HOW LIKELY IS A DEBT DEFAULT OR RESTRUCTURING?
Lebanon’s public debt burden, equivalent to around 150% of GDP, and its twin current account and fiscal deficits looked unsustainable even before anti-government protesters took to the streets three months ago.
With many of the international sovereign bonds trading at less than half their face value, market observers see an increasing likelihood of Lebanon struggling to repay some of its obligations and seek a restructuring with creditors at some point.
One of the first tasks of the government will be to decide whether to proceed with a central bank proposal to ask local holders of some of this year’s bonds, including a $1.2 billion issue maturing in March, to swap them for longer-dated ones to ease pressure on state finances.
Any move to delay bond repayments could constitute a default in the eyes of credit rating agencies and risk pushing its credit rating further into junk territory.
IS A CURRENCY DEVALUATION A GIVEN?
The Lebanese pound’s 22-year-old peg to the U.S. dollar has been strained to near breaking point by the country’s political and banking crisis.
With the pound losing roughly a third of its official value on the black market as dollars have dried up, a devaluation has loomed increasingly large.
Central Bank Governor Riad Salameh has previously ruled out any such move, saying the government has the means to maintain the peg. But without a revival in sagging capital flows and a recovery in Lebanon’s external balance sheet, the central bank’s ability to defend the peg will diminish.
HOW CAN THE BANKING SYSTEM BE REVIVED?
Banks have long served as a vital cog in keeping Lebanon’s economy moving. By taking deposits from Lebanon’s millions of scattered diaspora and snapping up the government’s local debt, banks helped prop up the state’s finances. But that system has broken as foreign deposits dry up in the face of a collapse in confidence in the banking system.

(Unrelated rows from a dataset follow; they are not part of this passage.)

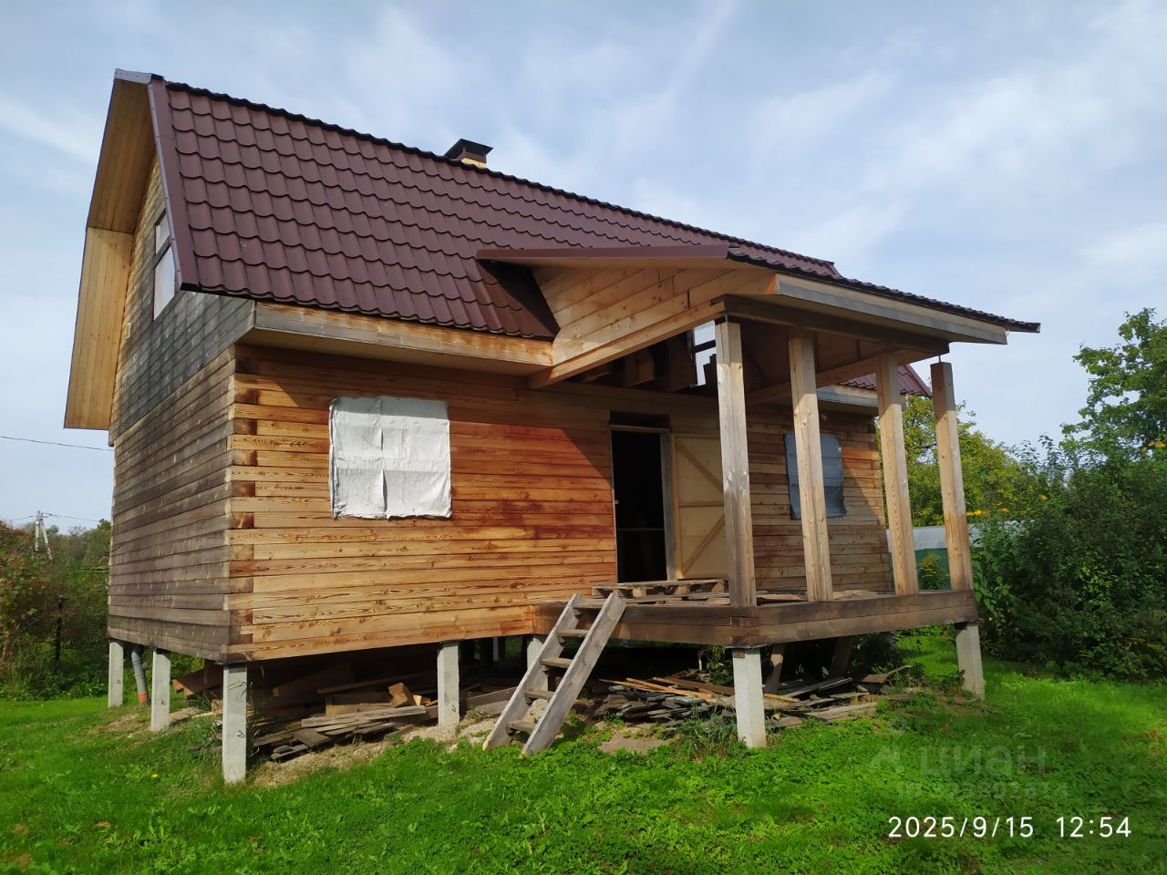 Размеры дома: 6*9 м., плюс прихожая 3*3 м. К дому просятся террасы по бокам. Деревянные окна со стеклопакетами в наличии и ждут установки. Два хозблока, 6*2,4 и 6*3 под любые нужды. Видеонаблюдение.
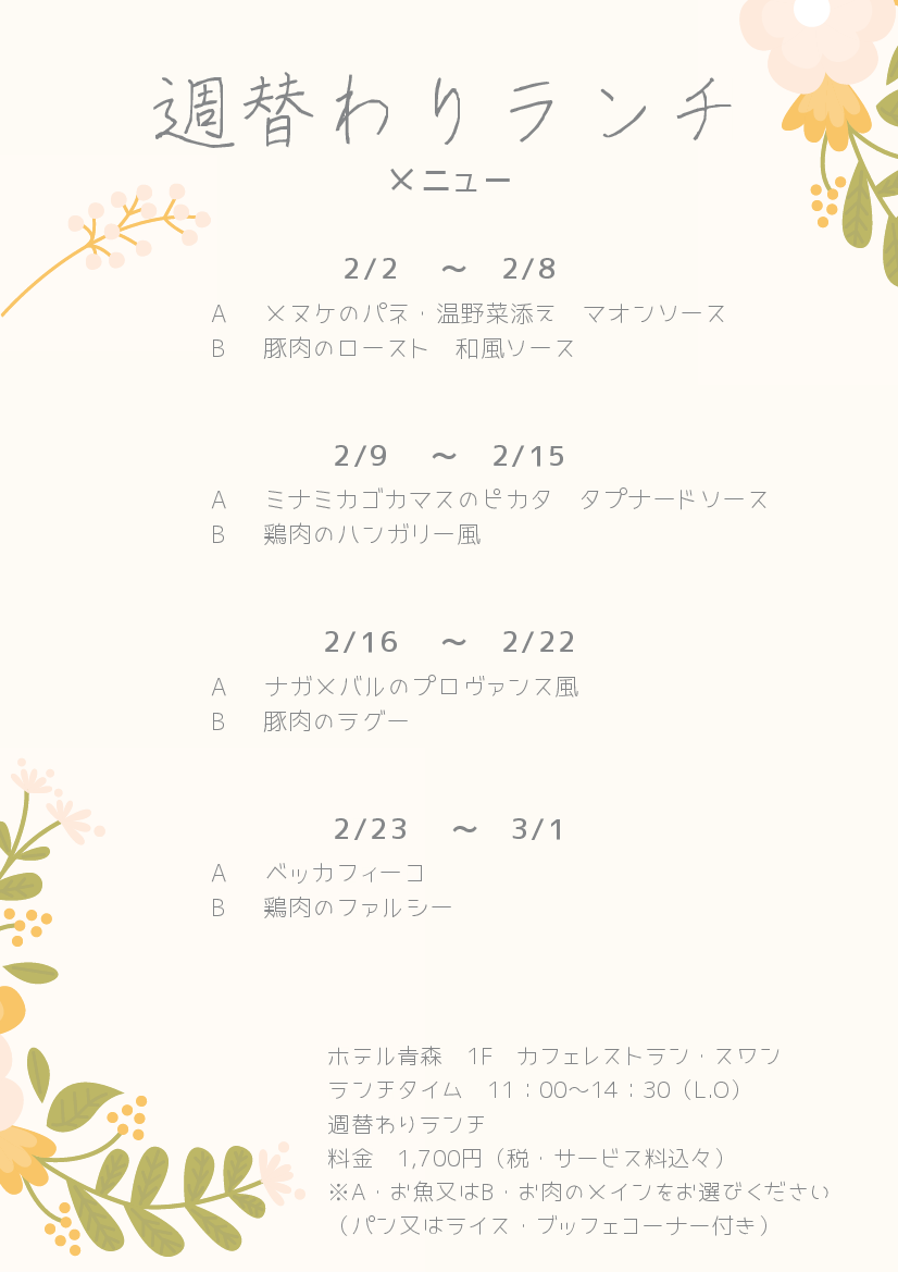 2026年 2月の週替わりランチ ~スワン~
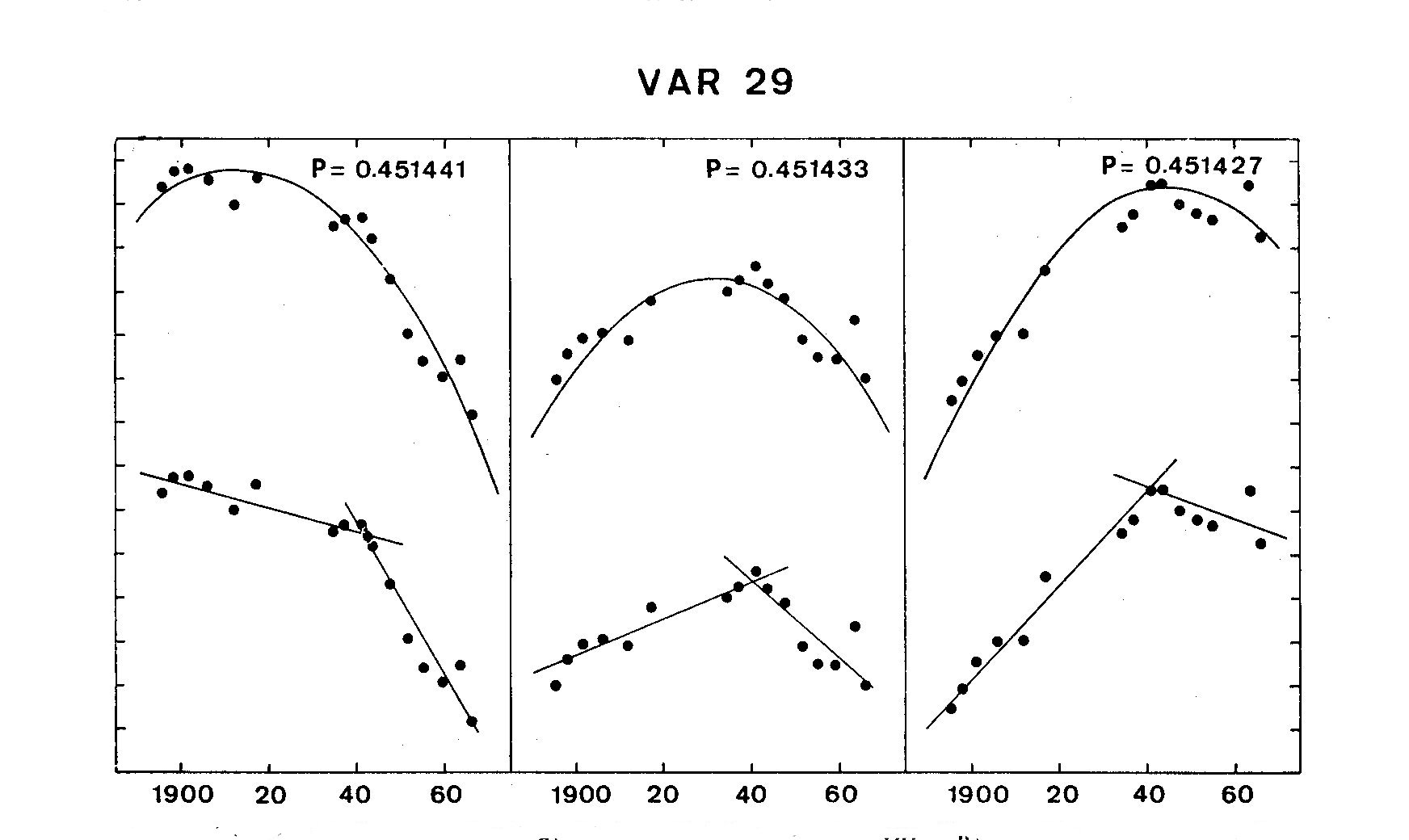 Figure 2e. O-C diagram for Var 29 in M5. The marks on the vertical axes are
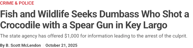"Dumbass"speared a crocodile. This is dumb for many reasons, not to mention it being a state and Federal felony.
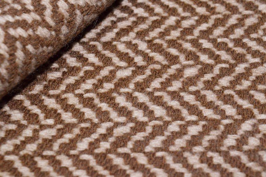 La particolarità di questo tessuto è il motivo a spina di pesce, proposto in un'originale tonalità tabacco. Rapporto spinatura 2 cm.
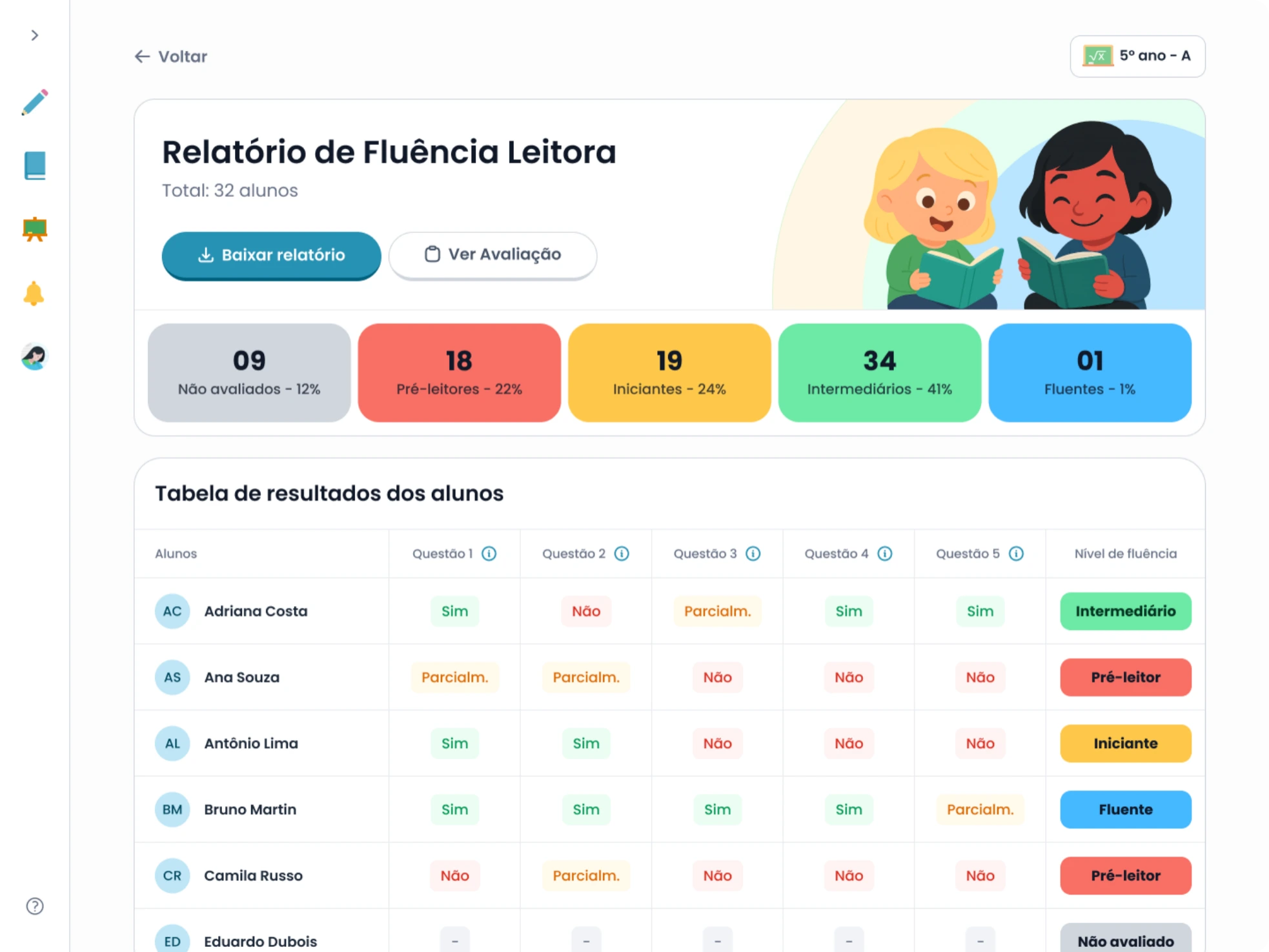 A EduQ oferece avaliações específicas para analisar o nível de fluência leitora de cada aluno, com indicadores claros e comparações de desempenho.
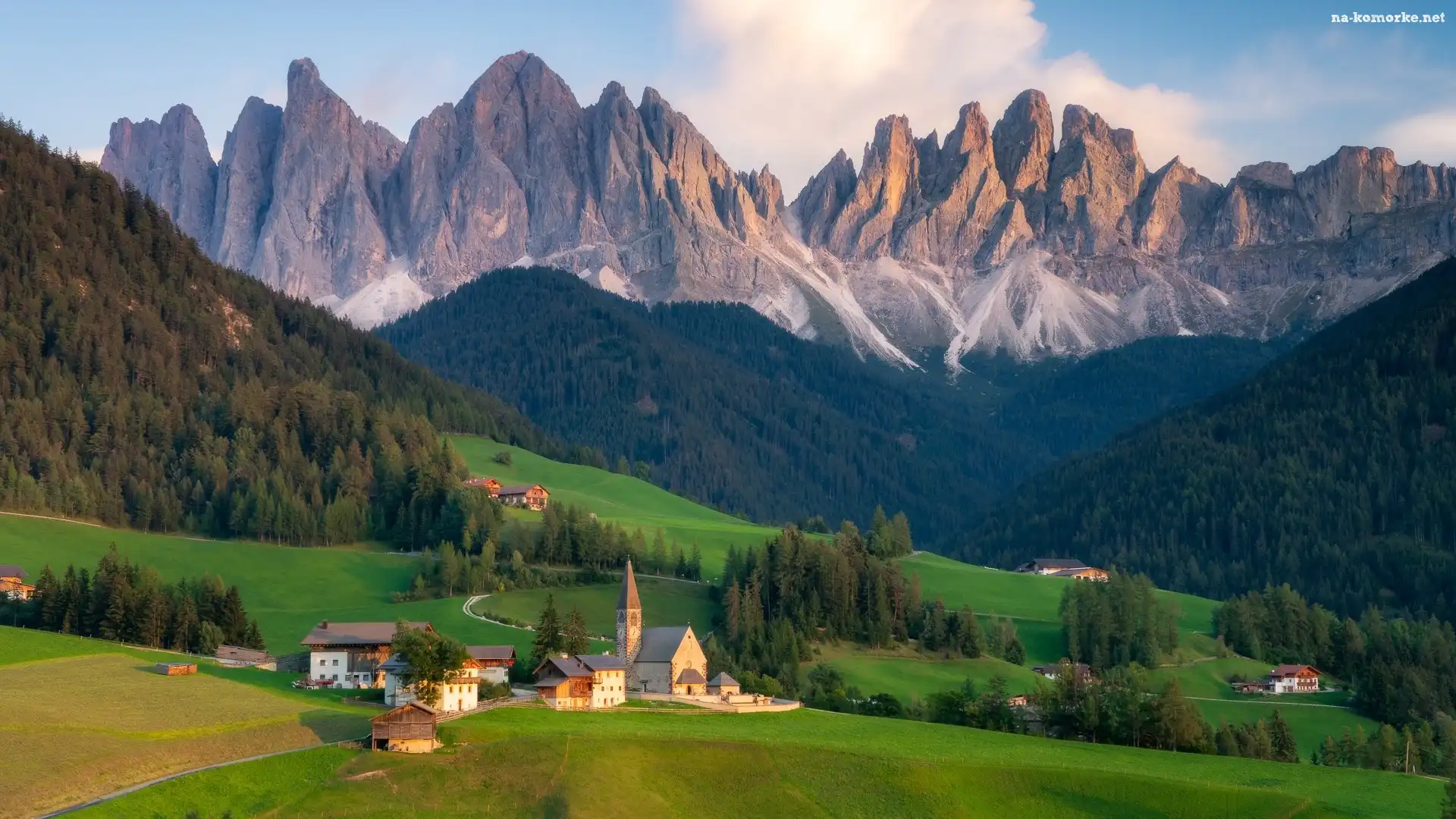 Góry, Drzewa, Val di Funes, Dolomity, Włochy, Domy, Wieś, Dolina, Santa Maddalena, Lasy, Chmury na Komórkę |
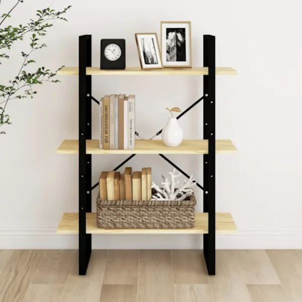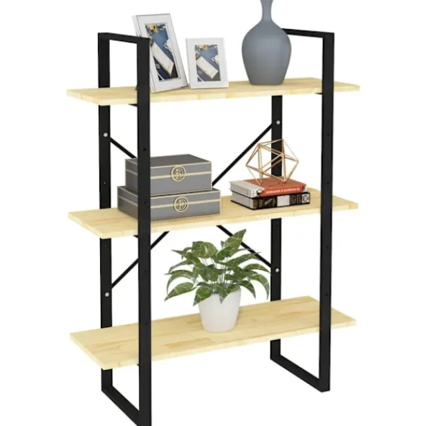 Bokhyllan är tillverkad av massivt furuträ, vilket garanterar robusthet, hållbarhet och långvarig service. Den har 3 hyllor som erbjuder gott om förvaringsutrymme för att förvara och visa dina föremål eller dekorationer. Förvaringshyllan är lätt att rengöra med en fuktig trasa.
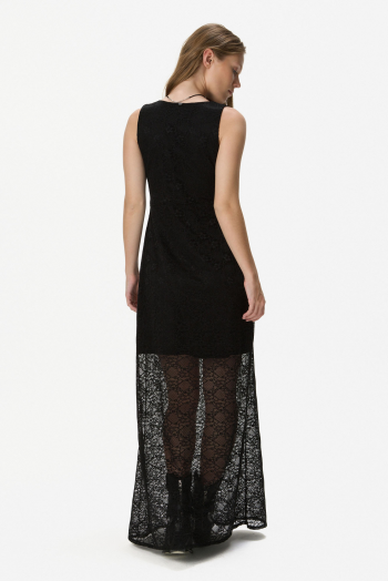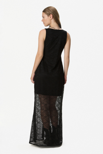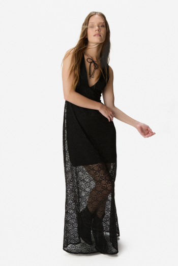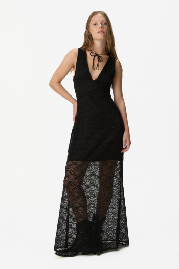 VESTIDO DE ENCAJE ESCOTE V NEGRO
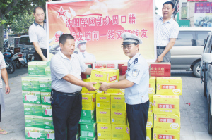 7月31日上午,十多名沈阳军区退伍老兵代表来到周口市区中州大道与七一路交叉口,看望在一线执勤的交警,为他们送去饮料、矿泉水、风油精等物品。退伍老兵张中营说:“虽然我们已经退伍很多年,但我们仍是军人。在八一建军节时,我们特地看望执勤的交警并送上礼物。这么热的天,他们真是太辛苦了。” 晚报记者 朱东一 摄
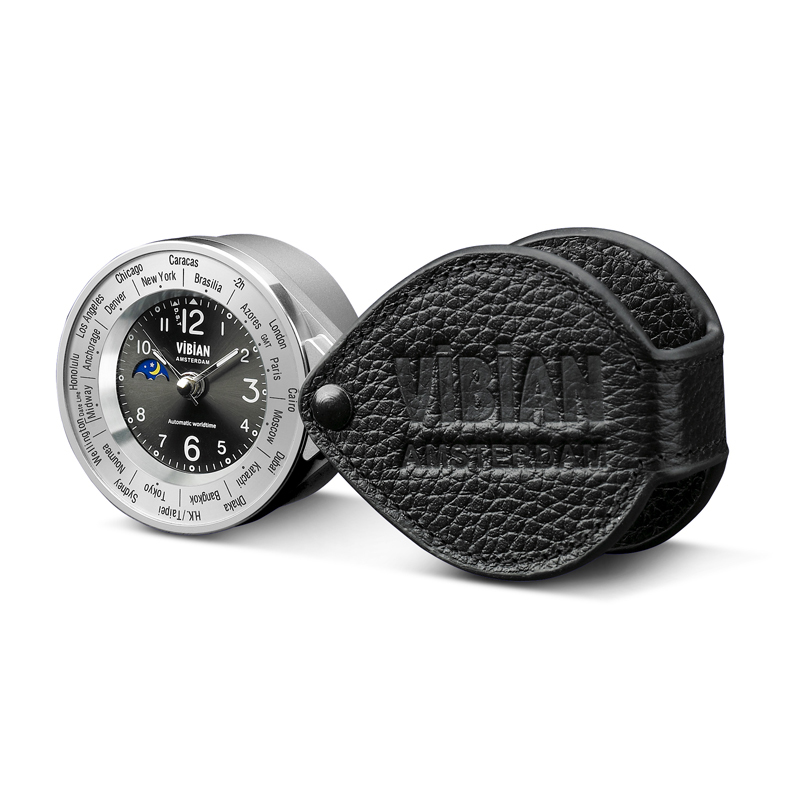 This clock designed by VIBIAN® in Amsterdam, the Netherlands, contains a supreme technology. It has a precise Global Time Zone mechanism. You can select all 24 Global Time Zones with a single movement ! By simply turning the bezel to a city, the hands (that display the time) will move to that respective time zone. Besides that, the course of the sun and moon are shown and summer and winter time are taken into consideration. This direct adjustment to each Global Time Zone is unique and it will enable you to follow The Rhythm of Time. Wherever you are in the world, you will always know the right time.
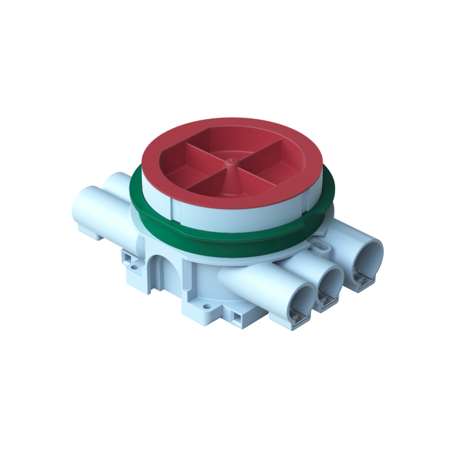 Dosan är försedd med roterande monteringsring. Skruvavståndet är cc 67 mm. Den medföljande gröna distansringen används vid enkelgips (13 mm). Ringen avlägsnas när dosan monteras i dubbelgips (26 mm). Vid montage använd dosfräs T80 84mm. Dosan är försedd med fem fasta stutsar för 16 mm rör var av en är öppnad, samt två fasta stutsar för 20 mm rör. Dessutom finns två utbrytningsöppningar på sidorna och två i botten av dosan. Tillverkad av halogenfritt material (IEC/61249-2-21) och uppfyller glödtrådsprovets krav enligt standard IEC/EN60670:2005 (850°C). Dosan går att montera i brandklassade väggar EI30/EI60. Se instruktion.

Non-resident private sector deposits in the banking sector fell by 11.3% on an annual basis in November, while Lebanon faces a hard currency shortage - leaving Lebanese at home and abroad with restricted access to their bank funds.
Some financial experts believe banks will require a deeper injection of cash than the 20% of capital they’ve been told by the central bank to raise.
WHAT ABOUT SECURING FOREIGN FINANCIAL SUPPORT?
Lebanon is mired in recession and its recovery remains largely dependent on the government’s ability to make reforms needed to secure international financial support.
Lebanon needs a $20 billion-$25 billion bailout including International Monetary Fund support to emerge from its financial crisis, according to former economy minister Nasser Saidi. But assistance appears uncertain given Diab’s support from the Iranian-backed Hezbollah and its allies.
Diab has said his first trip abroad would be to the Arab region, particularly Gulf states.
But Saudi Arabia and the United Arab Emirates, which have provided financial aid to Lebanon in the past, have appeared more circumspect during the latest crisis and may be even less willing to stump up with Diab in power.
Instead, Lebanon may look to Qatar, accused by its Gulf neighbors of more closely aligning itself with Iran.
It is unclear whether Diab will try to pursue an IMF bailout. Some observers warn the United States, the largest financial backer of those institutions, could oppose any such deal due to the government’s Hezbollah ties. The United States regards Hezbollah as a terrorist group.